Request the model-specific test certificate at inquiry stage and cross-reference the standard edition and utilization category against the local grid code or wiring rules for the destination market. For export projects, confirm whether CE marking is sufficient or whether a supplementary TUV or CB scheme certificate is required by the authority having jurisdiction. A certificate referencing an outdated standard edition can delay project sign-off; always confirm the edition date against the current published version of IEC 60947-3.
Terminal torque varies by pole configuration and current frame, so the definitive value must be read from the model-specific datasheet or product drawing supplied with the switch. Applying a default value without verifying the product drawing risks under-torqued connections that cause resistive heating at the terminal interface over time and over-torqued connections that crack the terminal body.
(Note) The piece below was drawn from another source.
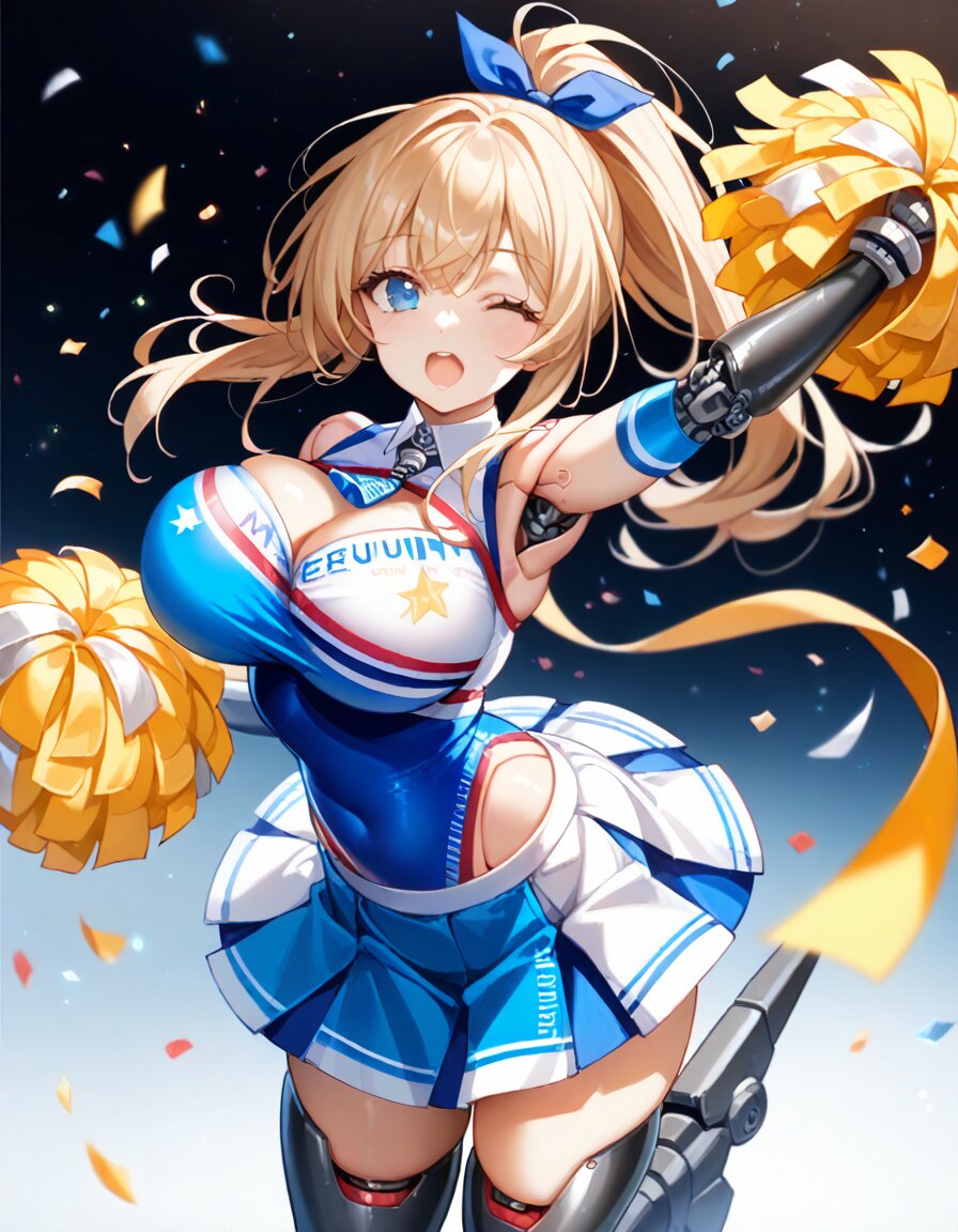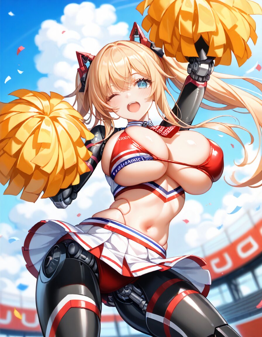 masterpiece, high quality, solo, 1girl, cowboy shot, smooth skin, mecha musume, mechanical arms, mechanical legs, large breasts, doll joints, open mouth, one eye closed, arm up, cheerleader, pom pom \(cheerleader\)

Always confirm from the supplied documentation.
The GF51 is specifically designed and rated for photovoltaic DC disconnection duty, and its arc suppression geometry is optimised for unidirectional PV string current characteristics. Battery storage circuits can present different fault current profiles, higher prospective short-circuit currents, and bidirectional current conditions depending on the storage topology. These differences affect the arc suppression requirement and the applicable utilization category. Consult Shieldhz directly with the storage system’s full electrical parameters — voltage, current, fault level, and current direction — before applying the GF51 outside a standard unidirectional PV string application.